Although large language models (LLMs) have been assessed for general medical knowledge using licensing exams, their ability to support clinical decision-making, such as selecting medical calculators, remains uncertain. We assessed nine LLMs, including open-source, proprietary, and domain-specific models, with 1,009 multiple-choice question-answer pairs across 35 clinical calculators and compared LLMs to humans on a subset of questions. While the highest-performing LLM, OpenAI o1, provided an answer accuracy of 66.0% (CI: 56.7-75.3%) on the subset of 100 questions, two human annotators nominally outperformed LLMs with an average answer accuracy of 79.5% (CI: 73.5-85.0%). Ultimately, we evaluated medical trainees and LLMs in recommending medical calculators across clinical scenarios like risk stratification and diagnosis. With error analysis showing that the highest-performing LLMs continue to make mistakes in comprehension (49.3% of errors) and calculator knowledge (7.1% of errors), our findings highlight that LLMs are not superior to humans in calculator recommendation.

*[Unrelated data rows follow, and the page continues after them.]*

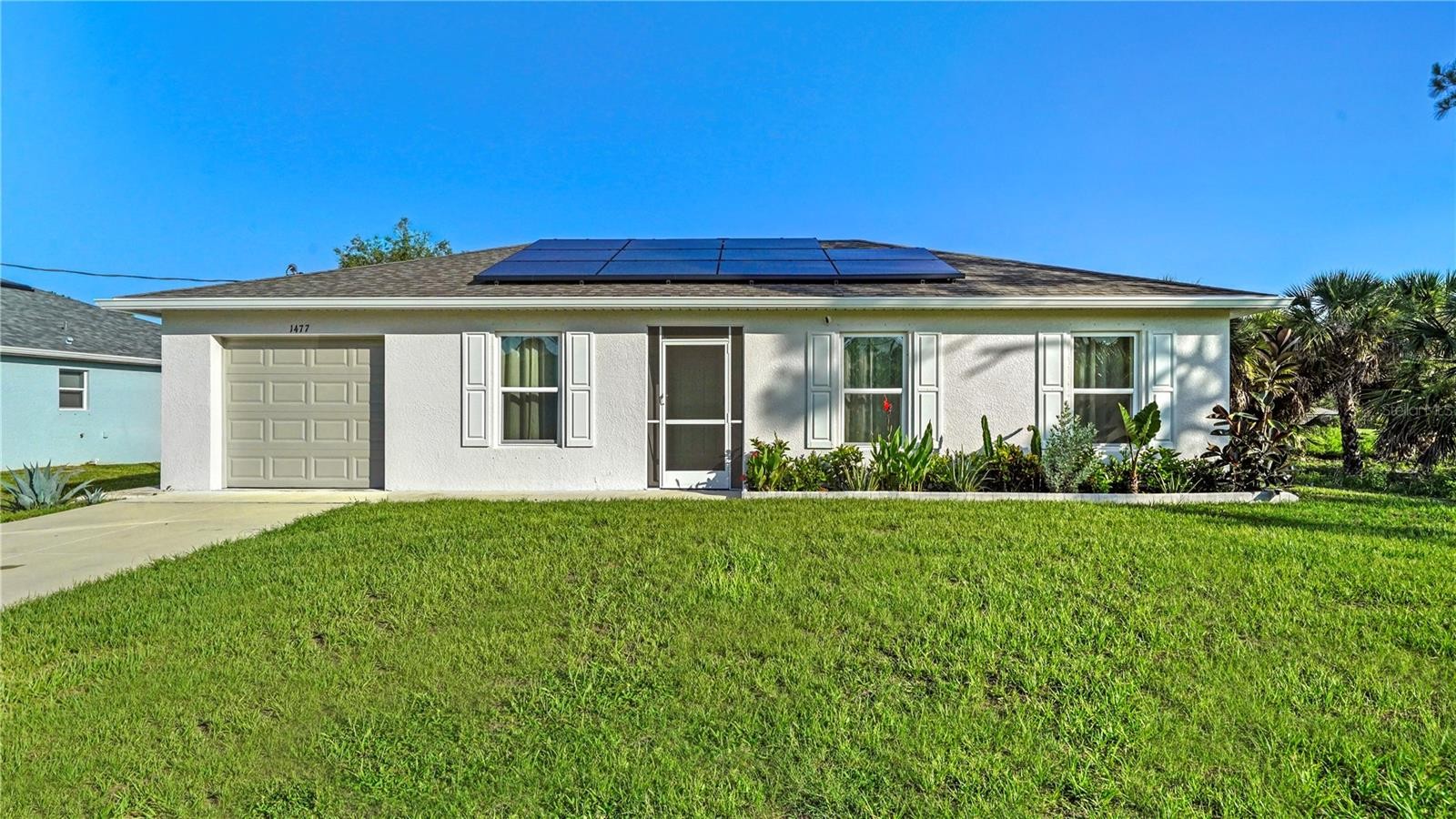 Welcome home to your unique meticulously maintained ALL FURNISHED 2023 Built BLOCK heated salt POOL Home that truly has it All! Stunning 3-bedrooms, 2-bathroom , with garage that is AIR CONDITIONED and turned into versatile GYM/MAN CAVE/OFFICE single-family home nested on OVERSIZED LOT with Dry Canal in your backyard for Extra Privacy! This beautiful residence offers the perfect blend of comfort, privacy, and Florida living at its finest! SOLAR PANELS! Beautifully Landscaped front and backyard! Complete Hurricane Protection! Not in flood zone! No HOA, No CDD, No rental restrictions! Perfect Your Forever home or AIRBNB! Step inside to an open and airy floor plan with spacious living areas, ideal for entertaining or relaxing. A thoughtfully designed split floor plan enhances privacy and functionality. Enjoy the best of outdoor living with a covered lanai, perfect for morning coffee or evening sunsets. Take a refreshing dip in the screened-in pool or do some grilling or tanning! Located in a quiet neighborhood yet close to shopping, dining, and top-rated schools, Tampa Bay Rays Spring training, Cool Today Park, Multiple beaches, Famous Wellen Park, Warm Mineral Springs, Port Charlotte Mall/restaurants entertainment, Port Charlotte Beach Park, easy access to route 75 and I-41 Do not miss your opportunity to own this waterfront retreat! Call for your private showing today!
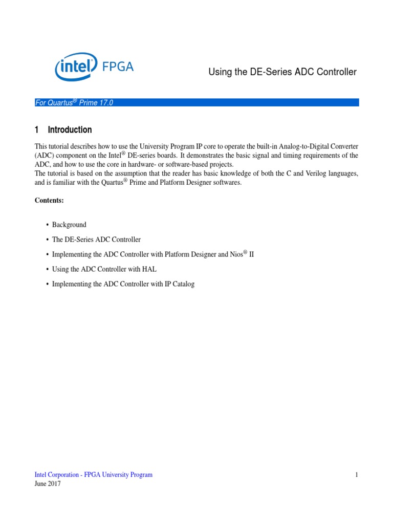 U SING THE DE-S ERIES ADC C ONTROLLER For Quartus® Prime 17.0
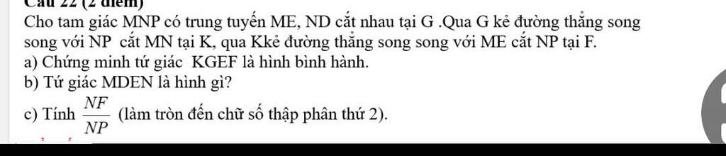 `-> (MK)/(MN)=(MG)/(ME)=2/3` (do `G` là trọng tâm của `triangle MNP`) `(4)`

在复杂的临床决策中,人类仍然优于大型语言模型:医疗计算器研究
虽然大语言模型(LLMs)已通过医学执业资格考试对医学常识进行了评估,但其有效支持临床决策任务(如选择和使用医学计算器)的能力仍不确定。在此,我们评估了医学受训者和 LLMs 针对各种多选临床情景(如风险分层、预后和疾病诊断)推荐医学计算器的能力。我们评估了八种 LLM,包括开源模型、专有模型和特定领域模型,使用了 35 种临床计算器中的 1009 个问题-答案对,并测量了人类在 100 个问题子集上的表现。虽然性能最高的 LLM GPT-4o 的答案准确率为 74.3%(CI:71.5-76.9%),但人类注释者的平均准确率为 79.5%(CI:73.5-85.0%),超过了 LLM。错误分析表明,表现最好的 LLM 在理解能力(56.6%)和计算器知识(8.1%)方面仍然会犯错误,我们的研究结果强调,在计算器推荐等复杂的临床任务上,人类仍然能够超越 LLM。
本文章由计算机程序翻译,如有差异,请以英文原文为准。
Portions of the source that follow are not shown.